Ces transformations nous obligent à penser aussi aux cadres à établir en réponse à la crise (qui a touché notre branche l’année passée), au développement de la crémation, à l’augmentation des familles en souffrance économique (baisse du pouvoir d’achat, impayés), etc. Nous devons également réfléchir sur l’accroissement et l’élargissement de l’offre des contrats de prévoyance funéraire, dans laquelle la "bancassurance" a un poids énorme. Quelle est la posture que la profession souhaite adopter ? Sûrement pas la contemplation !
Enfin, une réflexion essentielle aura pour thème l’accroissement de l’exigence des familles. Celles-ci sont devenues "conso-acteurs". Elles veulent comprendre ce qu’elles achètent, tirer profit des avantages proposés, sont sensibles aux promotions et au rapport qualité-prix. En complément et appui de cette attitude, il y a Internet, qui est le centre de ces nouvelles connaissances, de ces nouvelles exigences. Auparavant, la famille qui arrivait chez un opérateur était quasi vierge de toute information.
Ce n’est plus le cas aujourd’hui et de nouvelles plateformes proposant de l’information et des services apparaissent.
Cela nous amène à la "Net économie" qui avance à grands pas et qui va toucher inexorablement le milieu funéraire, même si pour l’instant il a été préservé. Notre position aujourd’hui est de conseiller à l’opérateur funéraire d’investir même modestement dans un site Internet. Ce dernier lui permettra d’être visible, de se mettre en avant, en y mettant des photos, la géolocalisation, des témoignages clients, la photo de l’équipe, des exemples de prestations, ses particularités, etc.

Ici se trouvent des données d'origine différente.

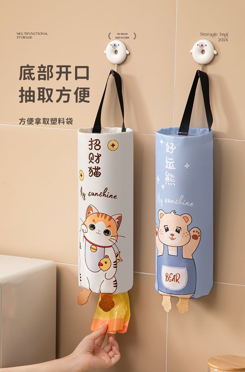 初めてプラスチック袋を入れたアニメゴミ袋収納袋キッチン大容量家庭用壁掛け収納掛け袋神器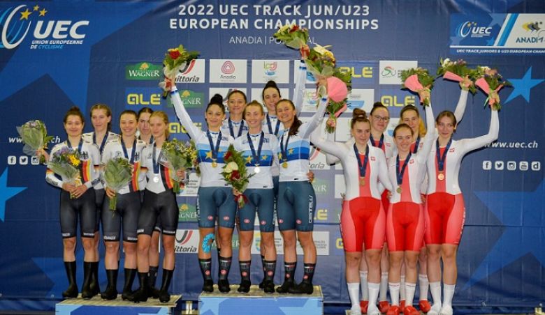 Piste - Europe (U23 et J)Débutes jeudi à Anadia, au Portugal, les Championnats d'Europe Juniors et Espoirs se sont poursuivis vendredi. Et contrairement à la journée inaugurale, lors de laquelle l'équipe de France avait décroché deux médailles, dont celle en or de Rafael Delhomme sur le scratch Juniors, aucun Bleu n'est parvenu à monter sur le podium lors de cette deuxième journée de compétition. La meilleure performance a été réalisée par le trio Thierry Fontanille-Timmy Gillion-Luca Priore, qui a pris la quatrième place en vitesse par équipes Espoirs. Retrouvez ci-dessous tous les podiums de la deuxième journée de cet Euro Espoirs et Juniors 2022.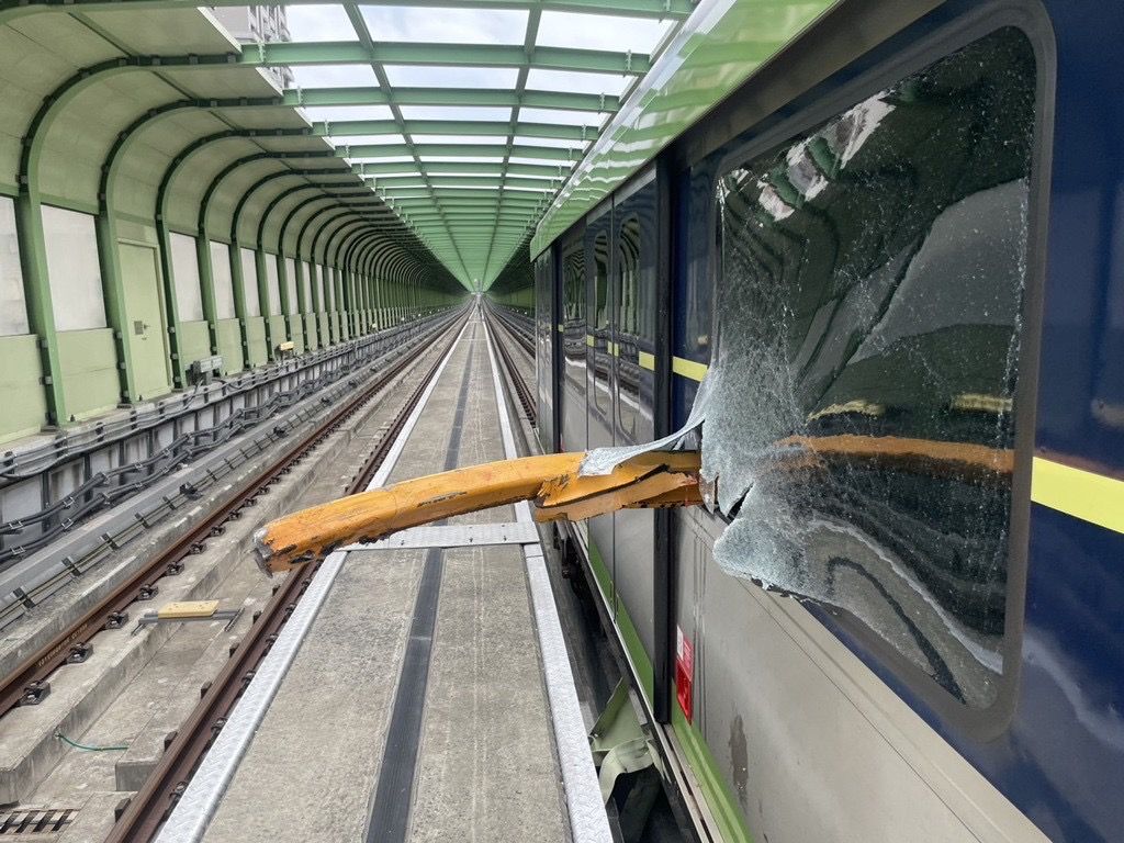 從照片畫面中清晰可見,車廂的玻璃窗和內部座椅,遭鐵架撞擊後散落地面、車廂壁上的廣告也掉落在地上,現場一片狼藉。台中捷運也緊急發出訊息通知,捷運市政府站到九張犁站停駛,提醒乘客多加注意。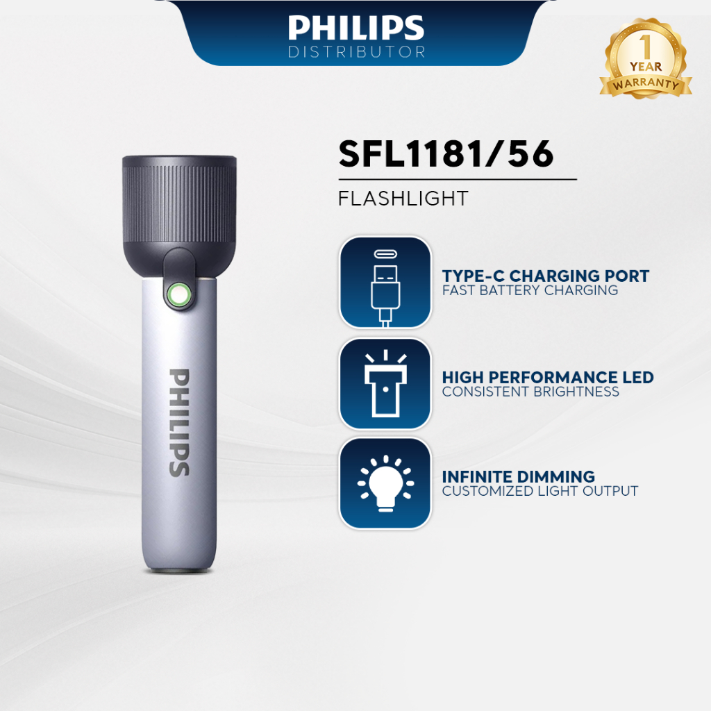 PHILIPS Flashlight SFL1181-56 Original - Rechargeable, Type C Charging, 3W LED, 3 Lighting Modes

Tout ce que je viens de vous dire ne peut être dissocié de la formation, qui se doit d’être de plus en plus performante et de plus en plus complète… afin de répondre à tous les grands enjeux économiques, technologiques et professionnels des années à venir.
Dans ce marché en mutation, je considère, pour finir sur une note optimiste, tant les indépendants que les réseaux sauront garder ou gagner une place légitime dans ce métier de service pas tout à fait comme les autres.